Supplied information:
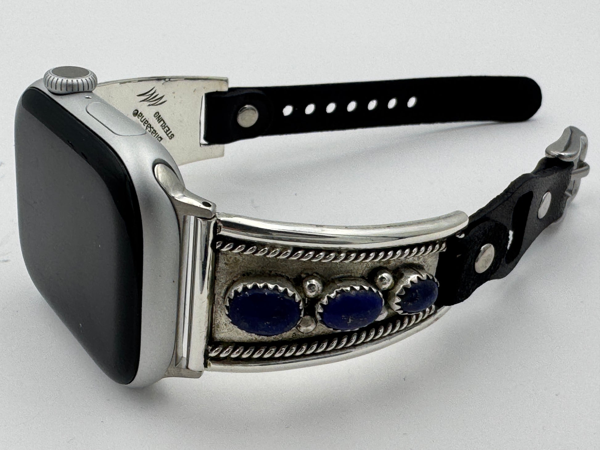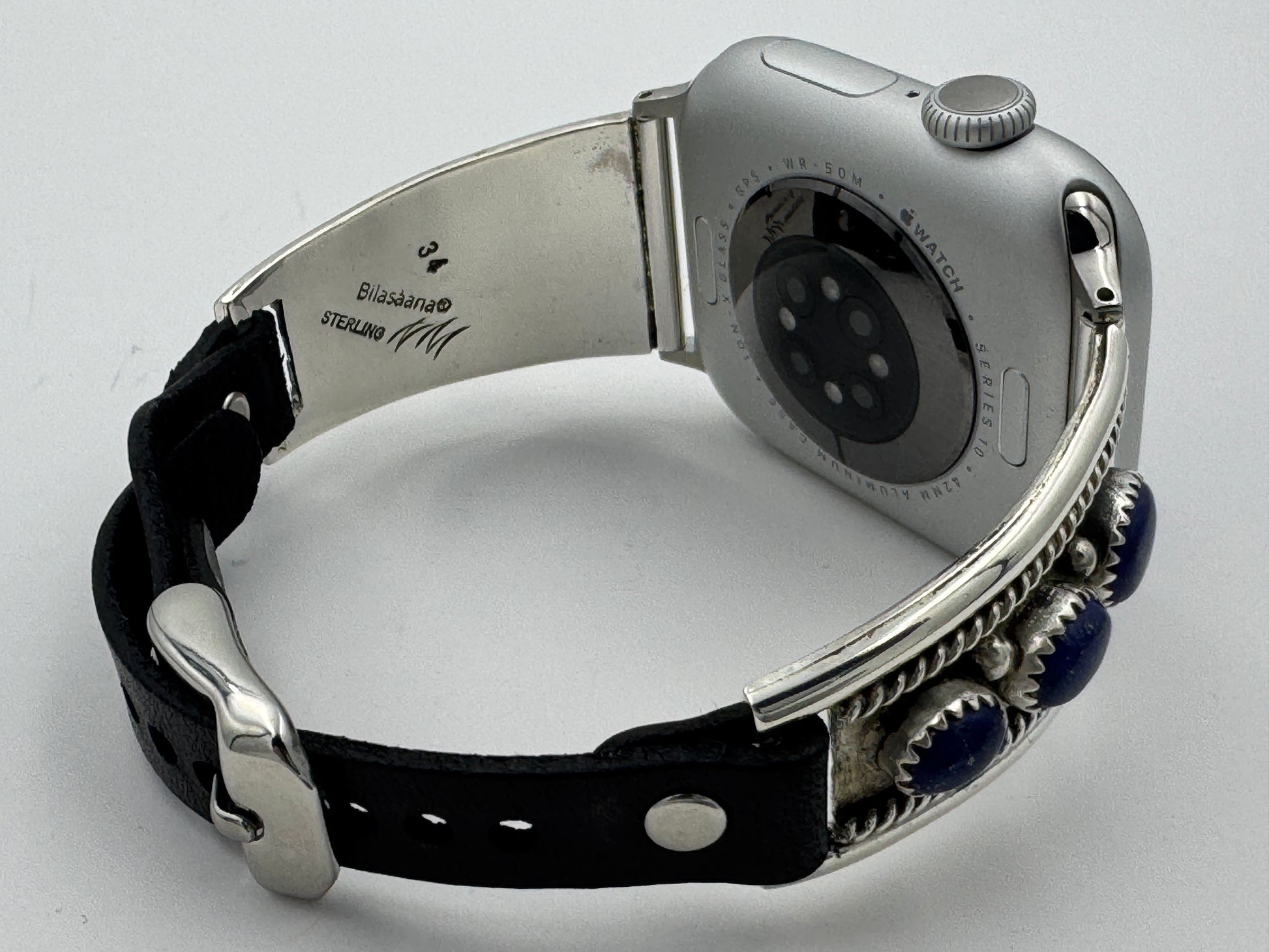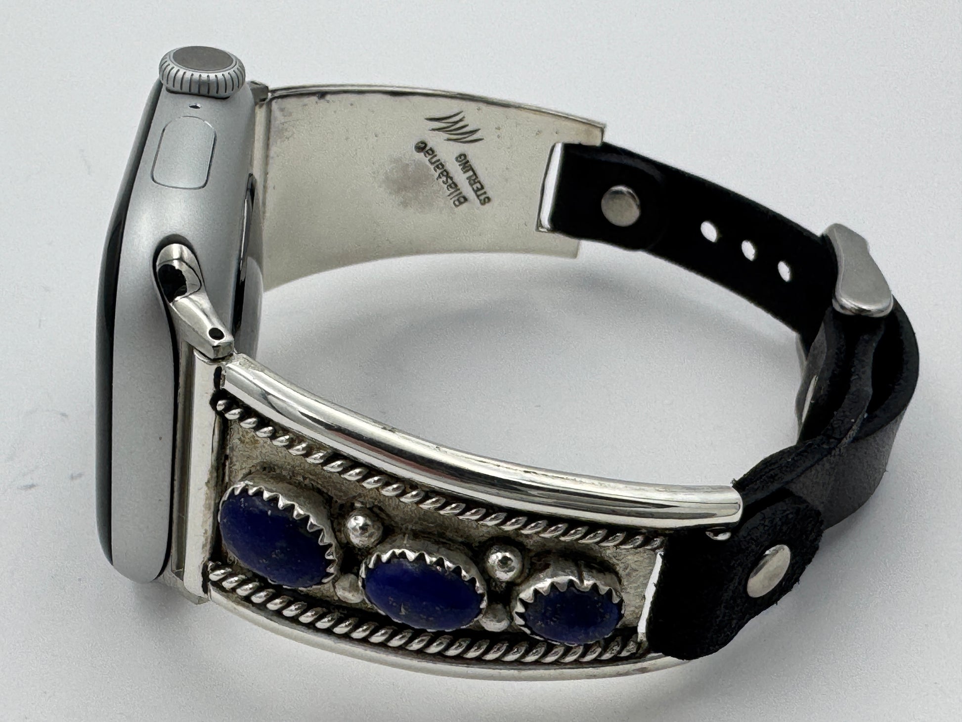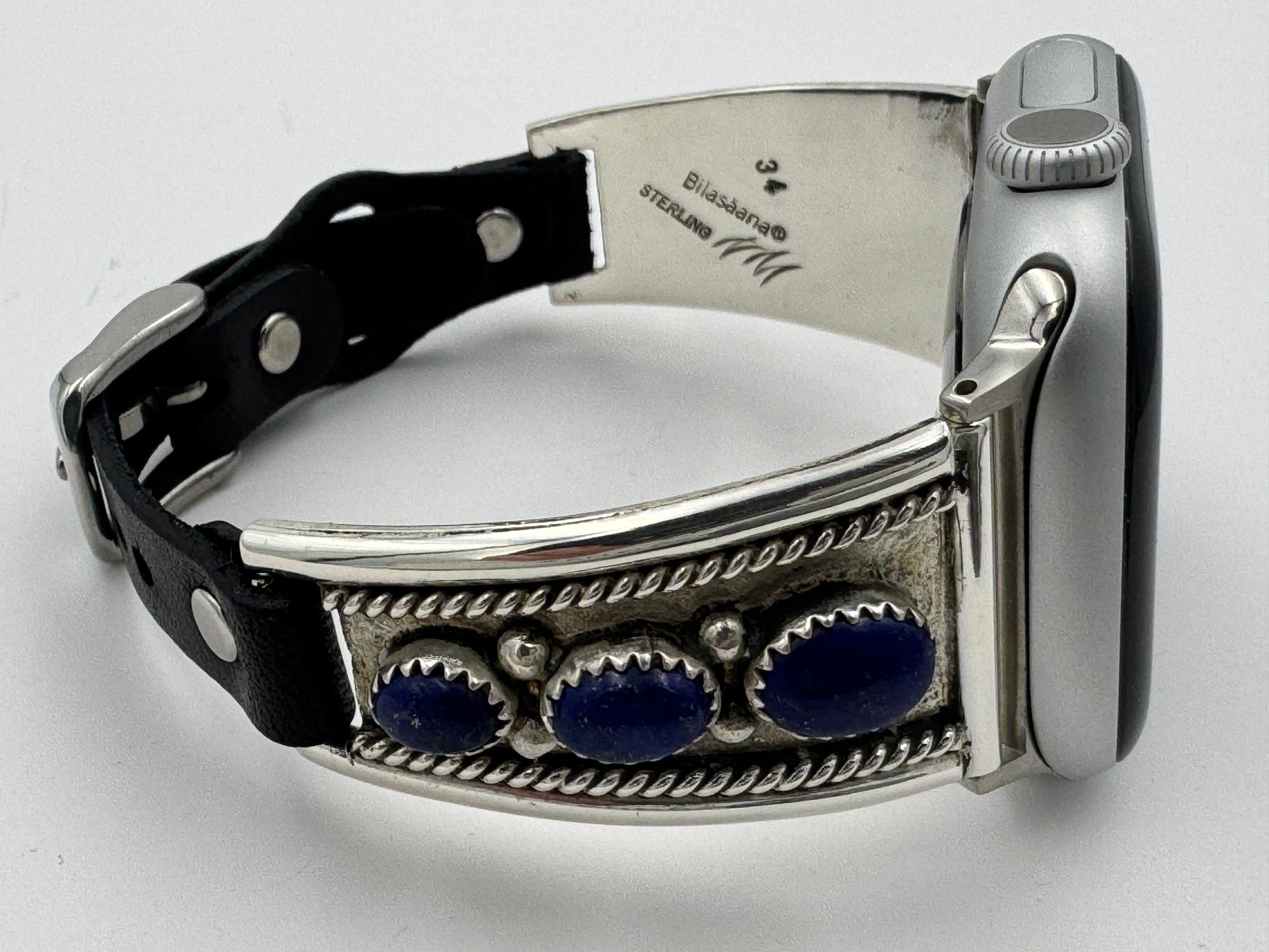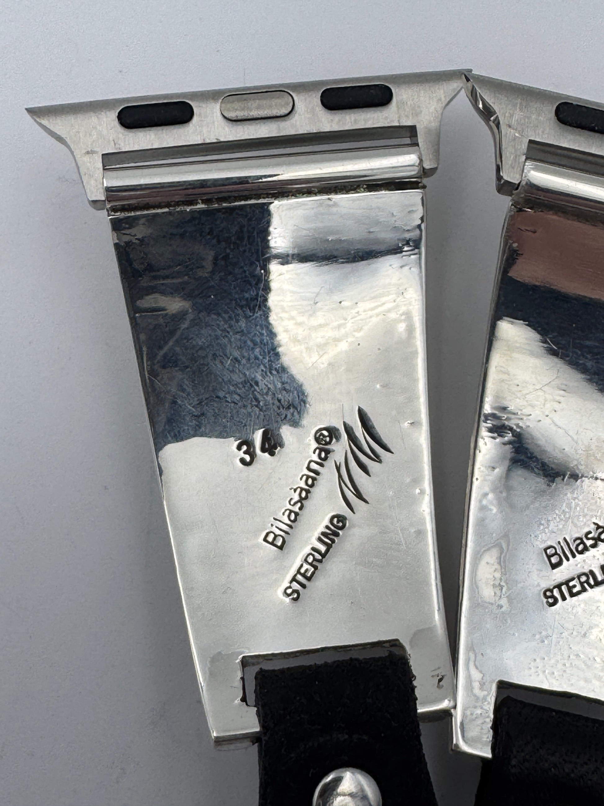 This is Nelson Morgan's 34th Bilasáana piece offered. The iBand consists of two Sterling Silver Tips with 38/40/41mm WATCH adapters and a Laser Cut Leather Band. The Sterling Silver Tips are Handcrafted by Nelson Morgan of the Navajo Nation and have an authentic Navajo Stamp and Bead Design with Blue Lapis stones on each side. On the inside of one Tip is the official Bilasáana Trademark, the serial number 34, a Sterling mark and Nelson's NM authenticity mark. The other tip has Sterling, Bilasaana and Nelson's marks.
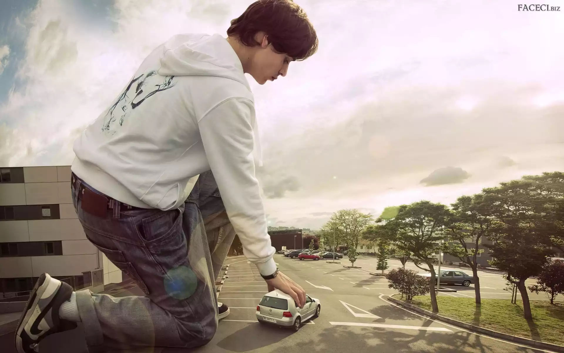 Auto, Mężczyzna, Ulica, Dom, Gigant, Drzewa - faceci.biz
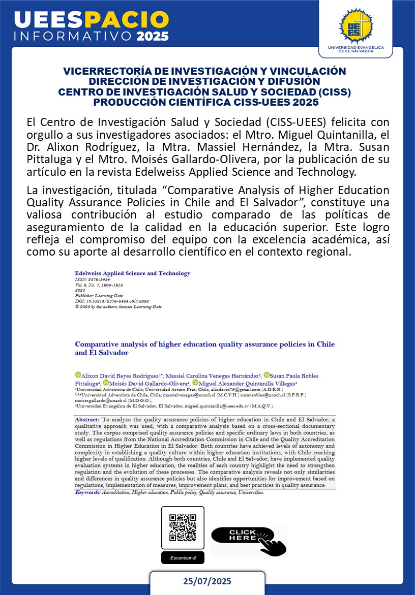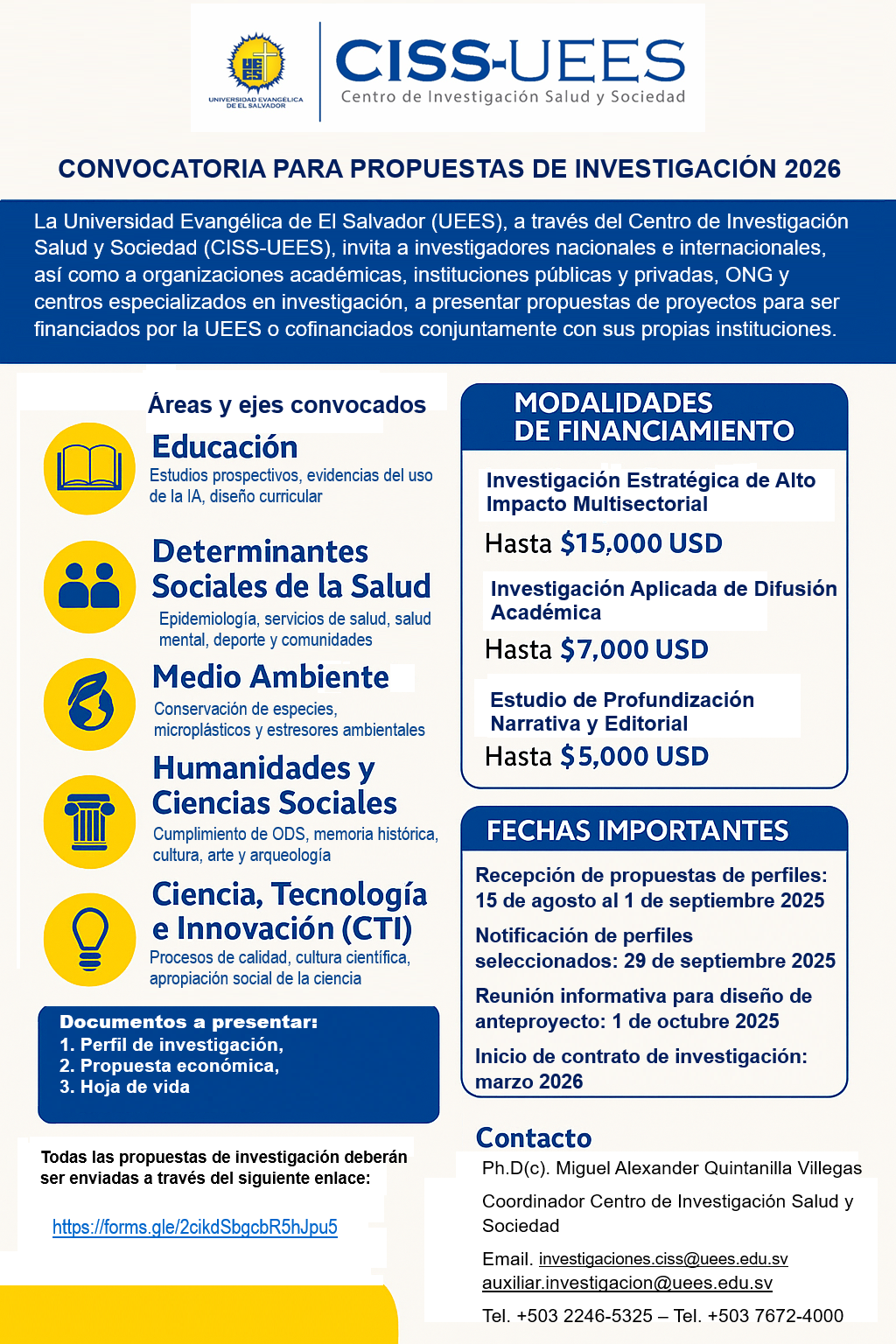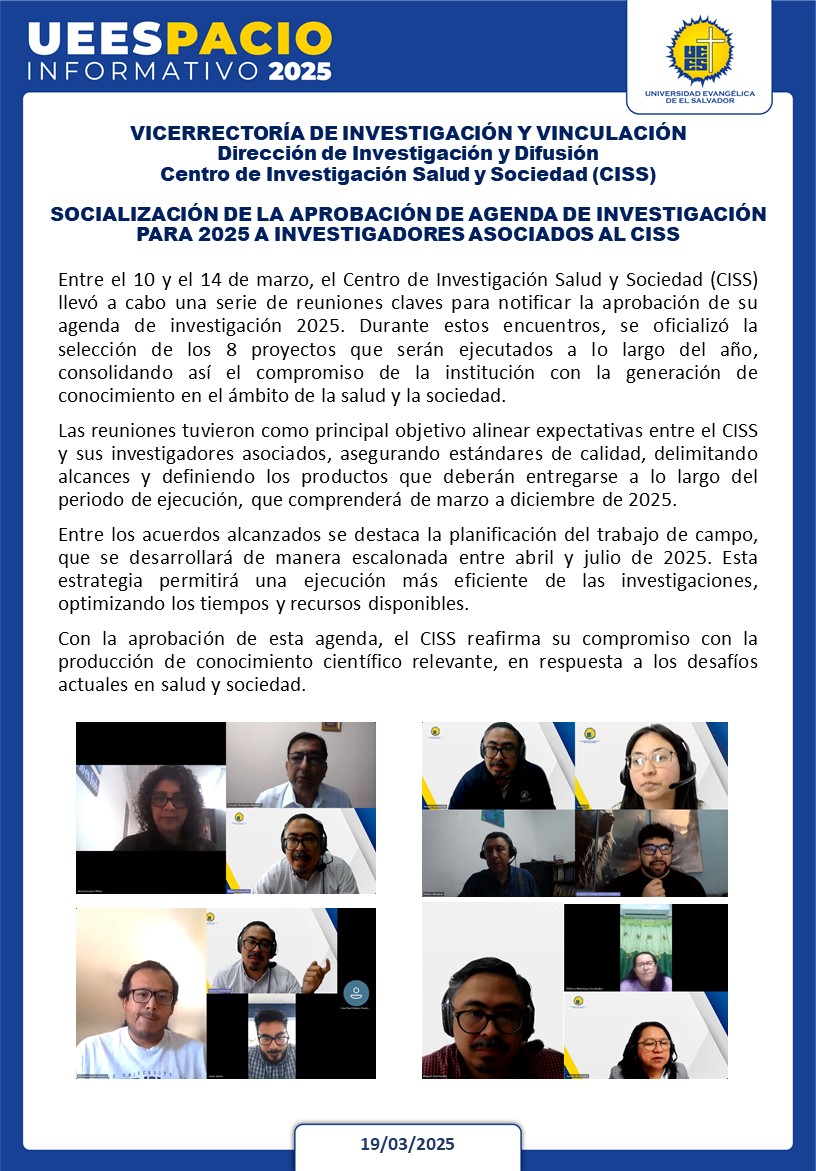 La Universidad Evangélica de El Salvador (UEES), a través del Centro de Investigación Salud y Sociedad (CISS-UEES)

Activity: Print all the material above exactly, and drop the images.

Response box:
 This is Nelson Morgan's 34th Bilasáana piece offered. The iBand consists of two Sterling Silver Tips with 38/40/41mm WATCH adapters and a Laser Cut Leather Band. The Sterling Silver Tips are Handcrafted by Nelson Morgan of the Navajo Nation and have an authentic Navajo Stamp and Bead Design with Blue Lapis stones on each side. On the inside of one Tip is the official Bilasáana Trademark, the serial number 34, a Sterling mark and Nelson's NM authenticity mark. The other tip has Sterling, Bilasaana and Nelson's marks.
 Auto, Mężczyzna, Ulica, Dom, Gigant, Drzewa - faceci.biz
 La Universidad Evangélica de El Salvador (UEES), a través del Centro de Investigación Salud y Sociedad (CISS-UEES)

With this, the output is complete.